IRE Course Team Project - Monsoon 2017
These are the kind of news wich after reading them induces a sense of disbelief or alienation.
Figuring out the weirdness score and ranking weird or odd news stories.
- Classification of the news i.e. whether it is weird or not.
- Comparison with existing Machine Learning techniques to provide a survey of the performance of various models for this task.
- Providing a novel Deep Learning architecture for this classification task.
- Classifiers used:
- Naive Bayes
- Support Vectors Machines
- Random forest classifiers
- Gradient boosting classifiers
- Ada boosting classifiers
- Convolutional neural networks
- Decision tree classifier
- 3-layered-Perceptron
- LSTM
- Auto ML
- The Ranking Task: Ranking of the weird news as per its weirdness score.
- Providing a way to rank a set of news based on their weirdness scores.
- Provide a metric that can be used to quantify the weirdness of a news.
We have developed good quality annotations for a dataset that can be used as a gold standard for training and evalution of the ranking predictions. For annotations purposes, we have built a simple annotation application that can be used to gather annotations from the multiple annotators. This simplifies the process of gathering good quality annotations.

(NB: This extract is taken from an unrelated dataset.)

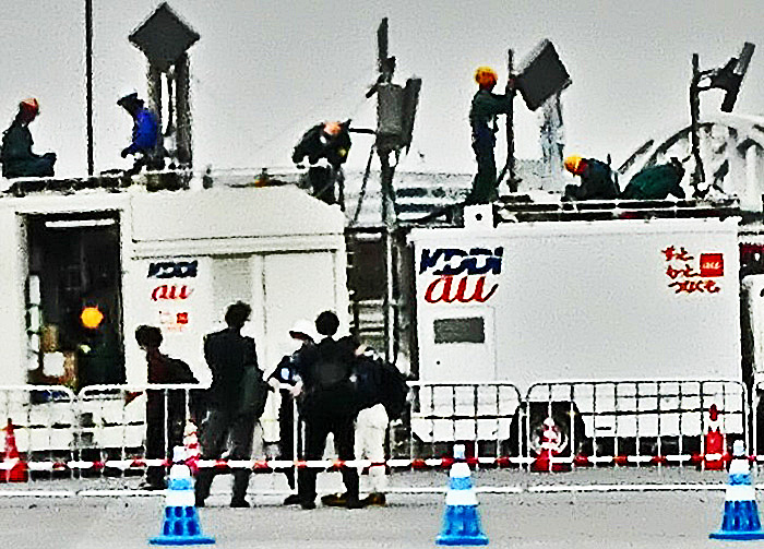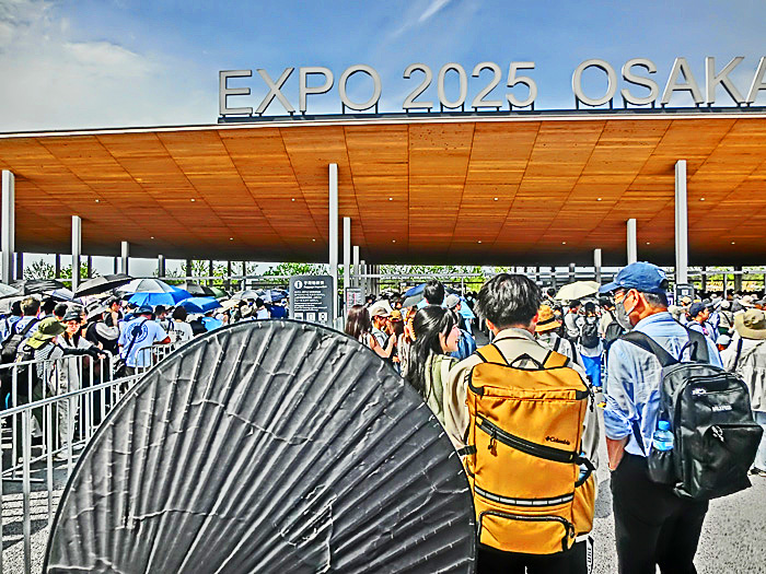 約90分後には、大阪市営地下鉄・中央線の「夢洲」(ゆめしま)駅を出て、万博会場の入場ゲート前に、到着していた私・・・開幕初日に、10数万人の入場者が一斉にインターネットを使い、回線が詰まって不通になるという事件が発生したので、各社の業者さんが集まって、ネット環境の機材を緊急増強中ですよ。この業界は、つながらなかったらアウトであり、重役の方々が、テレビカメラの前で頭を下げることになりますからねぇ・・・業者さんたち、みんなのために、ご苦労さまです!!

- The Weirdness Probability: Weirdness Probability is calculated with respect to the dataset which we have developed with annotation.
- We are using the models like Neural Net , Gaussian ‘s Naive Bayes , Support Vector Machine, Random Forest , Ada Boost and Clustering for finding the probability.
- We are applying the Weirdness ranking based on this probability .
- We also explore a novel Affinity Propogation based clustering method for generating synthetic ranks for the dataset using clustering.
The Ranking is briefly classified into 4 parts:
- Weirdness Probability > 75% will have the Weirdness score as 3
- Weirdness Probability > 50% & <= 75% will have the Weirdness score as 2
- Weirdness Probability > 25% & <=50% will have the Weirdness score as 1
- Weirdness Probability > =0% & <=25% will have the Weirdness score as 0
python3, autoML, sklearn,gensim, keras, numpy
python init.py <clasifier name>
e.g. python init.py nn
Classifiers name:
nb = Naive Bayes
svm = Support Vectors Machines
rfc = Random Forest Classifier
gbc = Graident Boosting Classifier
abc = Adaboosting Classifier
dt = Decision Tree Classifier
nn = Neural Networks
lstm = LSTM deep learning model
cnn = CNN deep learning model
automl = autoML classifier